Lee will come off the disabled list to start tonight’s contest, meaning that he should be able to make at least two starts in the trade deadline (his third start would currently project to fall on the day of the trade deadline, though he could make one earlier than that if he pitches on short rest). The Philadelphia ace last pitched on May 18 and has been sidelined by a left elbow strain. He’s posted a 3.18 ERA with 8.1 K/9, 1.2 BB/9 and a career-best 49.1 percent ground-ball rate in 68 innings this season. If you subtract a disastrous Opening Day outing, he’s been even better this year, pitching to a 2.29 ERA in 63 innings (nine starts).
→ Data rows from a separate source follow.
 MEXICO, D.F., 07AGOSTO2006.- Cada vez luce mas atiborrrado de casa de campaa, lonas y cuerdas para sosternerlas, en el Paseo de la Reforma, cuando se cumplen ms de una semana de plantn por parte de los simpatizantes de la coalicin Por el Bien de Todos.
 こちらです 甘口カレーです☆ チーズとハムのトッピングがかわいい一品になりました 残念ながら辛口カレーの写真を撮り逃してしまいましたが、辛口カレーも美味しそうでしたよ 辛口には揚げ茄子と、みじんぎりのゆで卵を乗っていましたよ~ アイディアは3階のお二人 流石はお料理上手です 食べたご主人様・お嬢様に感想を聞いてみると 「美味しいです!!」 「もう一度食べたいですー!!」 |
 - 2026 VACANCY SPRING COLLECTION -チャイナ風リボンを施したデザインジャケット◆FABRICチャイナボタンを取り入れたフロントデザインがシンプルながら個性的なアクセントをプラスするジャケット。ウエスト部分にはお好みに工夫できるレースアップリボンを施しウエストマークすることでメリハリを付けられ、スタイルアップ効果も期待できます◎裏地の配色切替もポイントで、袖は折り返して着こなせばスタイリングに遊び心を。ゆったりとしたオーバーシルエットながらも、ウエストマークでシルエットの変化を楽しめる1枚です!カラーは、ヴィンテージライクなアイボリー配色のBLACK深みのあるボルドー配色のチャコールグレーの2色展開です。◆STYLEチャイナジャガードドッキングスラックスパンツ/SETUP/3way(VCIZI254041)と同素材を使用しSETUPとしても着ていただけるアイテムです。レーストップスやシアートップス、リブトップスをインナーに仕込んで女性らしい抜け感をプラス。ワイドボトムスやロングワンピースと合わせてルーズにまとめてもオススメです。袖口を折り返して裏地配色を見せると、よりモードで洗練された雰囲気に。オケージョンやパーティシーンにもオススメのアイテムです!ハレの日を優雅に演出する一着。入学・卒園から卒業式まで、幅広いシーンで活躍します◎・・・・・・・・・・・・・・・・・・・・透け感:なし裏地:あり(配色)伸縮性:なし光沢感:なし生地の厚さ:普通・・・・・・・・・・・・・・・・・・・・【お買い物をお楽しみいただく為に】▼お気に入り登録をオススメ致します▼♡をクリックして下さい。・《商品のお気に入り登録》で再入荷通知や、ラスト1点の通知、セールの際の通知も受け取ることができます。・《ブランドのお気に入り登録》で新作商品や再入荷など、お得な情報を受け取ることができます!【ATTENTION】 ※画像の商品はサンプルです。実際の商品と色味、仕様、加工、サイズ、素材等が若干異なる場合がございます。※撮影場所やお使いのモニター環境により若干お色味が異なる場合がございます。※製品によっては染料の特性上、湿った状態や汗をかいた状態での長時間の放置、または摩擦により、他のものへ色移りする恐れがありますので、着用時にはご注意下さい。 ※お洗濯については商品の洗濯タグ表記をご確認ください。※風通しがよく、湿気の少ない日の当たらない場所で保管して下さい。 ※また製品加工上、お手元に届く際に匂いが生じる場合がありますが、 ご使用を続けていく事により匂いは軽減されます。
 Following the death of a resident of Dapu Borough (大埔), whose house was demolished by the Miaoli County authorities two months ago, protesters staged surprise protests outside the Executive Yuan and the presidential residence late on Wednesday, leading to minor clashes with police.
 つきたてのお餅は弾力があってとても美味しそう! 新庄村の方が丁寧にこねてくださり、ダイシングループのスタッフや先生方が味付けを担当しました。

Though Lee can block trades to 20 teams, some reports have indicated that he’d be open to waiving his no-trade rights in order to move to a contending team. His name figures to be heavily discussed in the coming 10 days, though he could also be an August trade candidate.
Mariners second baseman Nick Franklin is “a top target” of the Athletics as they explore upgrades at the keystone, Susan Slusser of the San Francisco Chronicle reports. Franklin’s name has been a fixture in trade rumors ever since the M’s signed Robinson Cano, with the Royals and Rays among the clubs most recently connected to the 23-year-old infielder.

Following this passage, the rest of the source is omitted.